Teresa Worth, Seagate Technology

11/13/2011 3:10 PM EST

As organizations increasingly adopt data-intensive applications—data analytics, transactional databases, geospatial applications, virtual environments, cloud computing, and more—the amount of data that must be stored is exploding. Seagate estimates that the compound annual growth rate (CAGR) for digital data stored is 50 %. 

The use of these applications to manage vast amounts of data quickly and gain a competitive advantage is driving demand for high-performance solid state drive (SSD) technology in the data center. According to the Gartner Group, the enterprise SSD market grew from approximately 320,000 units and US$485 million in sales in 2009 to more than 1 million units and over US$1 billion in sales in 2010. Gartner forecasts that the enterprise SSD market will mushroom to 9.4 million units and US$4.2 billion in sales by 2015 [1].

SSDs deliver the highest- performance storage in boot speed, random IOPS and other measures critical to the enterprise. For example, while the average enterprise- class 15K-RPM hard disk drive (HDD) achieves 350 to 400 random read/write IOPS, the average enterprise-class SSD can push 50,000 IOPS for random reads and 15,000K IOPS for random writes.

Yet the remarkable performance of SSDs has overshadowed their apparent shortcomings in the area of endurance. Unlike magnetic HDDs, which can undergo an unlimited number of write/erase cycles, the number of times memory cells on the flash drive can be erased is finite. With use, flash cells wear out—and when they do, the drive can become unreliable.

Client Versus Enterprise SSD Endurance Requirements
SSDs were first used in consumer devices, including cameras and MP3 players, and later made their way into laptop computers. While data loss is a concern for laptop and other PC users, it has far greater implications for SSDs as they move into enterprise data centers that manage an organization’s most important business information. In the enterprise, unreliable storage can undermine customer satisfaction and, as an extension, revenue generation through lost business and even interrupt critical business processes.
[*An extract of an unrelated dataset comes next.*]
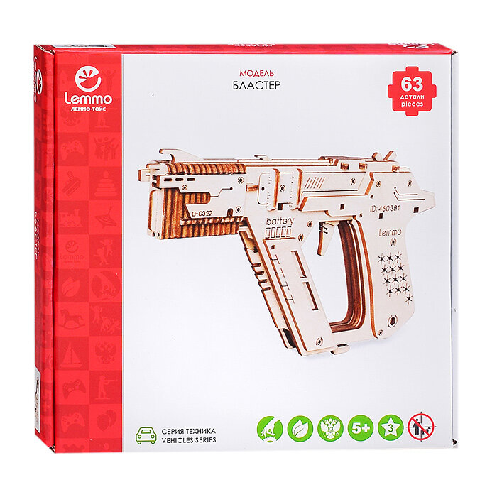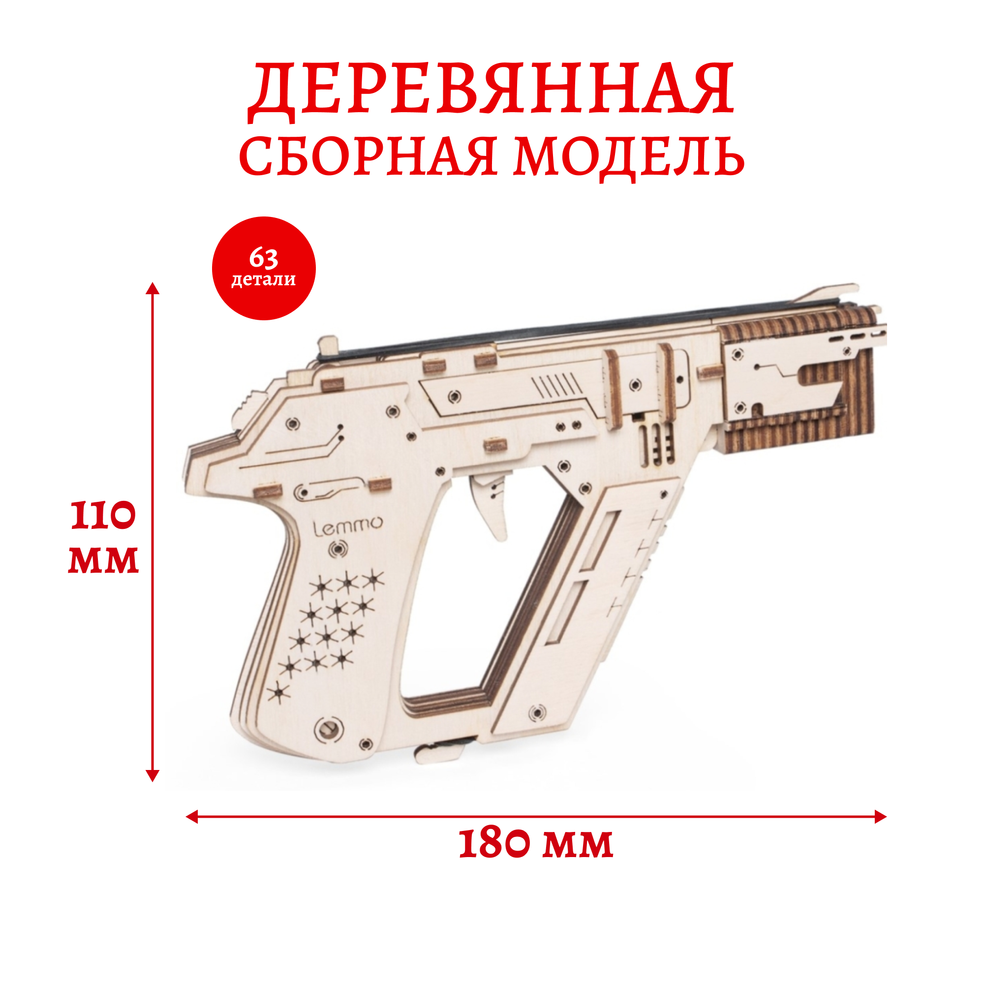 Деревянная игрушка Lemmo Особенности: Детали для сборки пистолета выполнены из березовой фанеры высшего сорта. Собранный деревянный пистолет готов к игре мальчишек, его можно заряжать канцелярскими резинками, которые идут в комплекте, либо их можно докупить в канцтоварах. Конструкторы Леммо разработали пистолет специально под размер детской руки, чтобы было удобно держать и стрелять. Одной из особенностей модели является свободный доступ к внутреннему механизму, где можно заменить резинку-натяжитель. Это повышает надежность и модели и пистолет можно использовать не один год. Габаритные размеры: 180 х 25 х 110 мм. Кол-во деталей: 63.

Like HDDs, SSDs must be developed to meet the differing needs of client and enterprise workloads. Client SSDs, typically used in laptop systems serving one user no more than 8 to 10 hours per day, face far fewer rigors than data center SSDs, which operate 24x7 and must service random data patterns, highly complex reads/writes, and applications that are far more write-intensive than in any client application. What’s more, enterprise SSDs must operate at a much higher temperatures than client SSDs and offer higher Uncorrectable Bit Error Rates (UBER) to ensure round-the-clock data integrity.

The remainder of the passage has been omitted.